To finish all the repair and refurbishment projects that resulted from various hurricane-and-roofer-related damage, I needed an electrician, an exterior house painter, a tile layer, a carpenter, a lawn service, and a sprinkler repair man.  Yeah, like I’ve got time for that.  So for $15, I outsourced it to AskSunday.com whose virtual assistants in India set up a series of appointments with local repairmen to provide me with quotes, made the initial contact, and explained what was needed.  The results were actually a little too much for me for about 48 hours because I had repairmen all over my property to assess the job but the wheels were in motion and my home was on its way to looking like the gardens on the 9 of Pentacles card!

And this is where the attitude variable came into the equation.

Several contenders quickly fell by the wayside because they refused to talk to someone with a foreign accent or flat-out lied and said they didn’t do the kind of work they had just advertised in that day’s newspaper.  Some made slurs in reference to my foreign assistants. Okay, off the list.  I don’t need their brand of energy on my property or in my home.

The next to fall out of the competition were the ones who lectured me or belittled me regarding the jungle in my back yard.  If I wanted to be lectured, I’d still be married to my ex, thank you.  After that, I crossed off the ones who acted as if being hired would be such an inconvenienceto them, at any price.  Nope, don’t need that either.

In the end, I have found the right people for the jobs.  They’re not necessarily the cheapest or have the longest history as a local company.  But the one thing they have in common is a great attitude–positive, helpful, understanding, uncomplaining, let’s-get-this-done, wonderful energy that will carry over into their work and into the product they leave behind.  I feel that I’m truly partnering with them to get the job done.

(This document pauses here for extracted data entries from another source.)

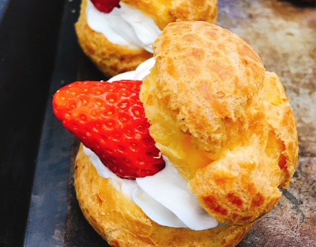 葛を使用したカスタードに、濃厚な生クリームと自家製の無添加いちごジャムを合わせました。仕上げに大粒いちごをのせました。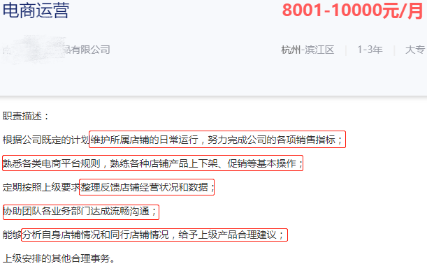 工作内容堪称五花八门,优化、推广、营销、策划内容、撰写文案、跟踪维护、数据分析、收集反馈、上架下架商品等......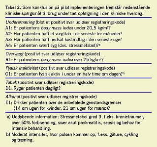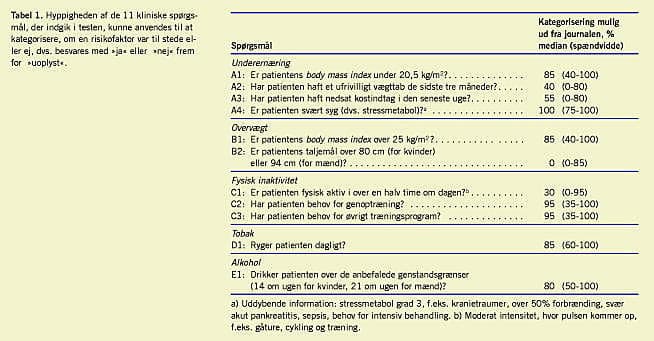 Materiale og metoder: Der indgik 11 kliniske speciallæger fra et bredt udsnit af sygehusafdelinger. De gennemførte først identifikation og registrering af underernæring, overvægt, fysisk inaktivitet, rygning og skadeligt alkoholforbrug ud fra journaloplysninger på egen afdeling (i alt 2.420 gange). Dernæst evaluerede specialisterne forståelighed, anvendelighed og dækning (363 gange).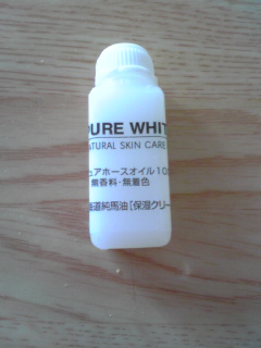 北海道純馬油本舗 ピュアホワイトのお試しサイズです。 馬油です。 今は季節が暖かいためかとろみのある液状になっています。 香りがないので使いやすいです。 少量でしっとりはしますが、つけすぎるとテカるかな? オイルなので仕方ないと言えばそれまでかもしれませんが・・・

You know, I know how to conduct a source selection (competition) and have many, many times for the US Government for many millions of dollars, but I’ve never used attitude as part of the evaluation criteria.  Partly, I suppose, because it can’t be objectively measured.  But given my own whirlwind competition, it makes me wonder what would happen with all the Defense Department’s acquisitions if attitude played a bigger part in the selection.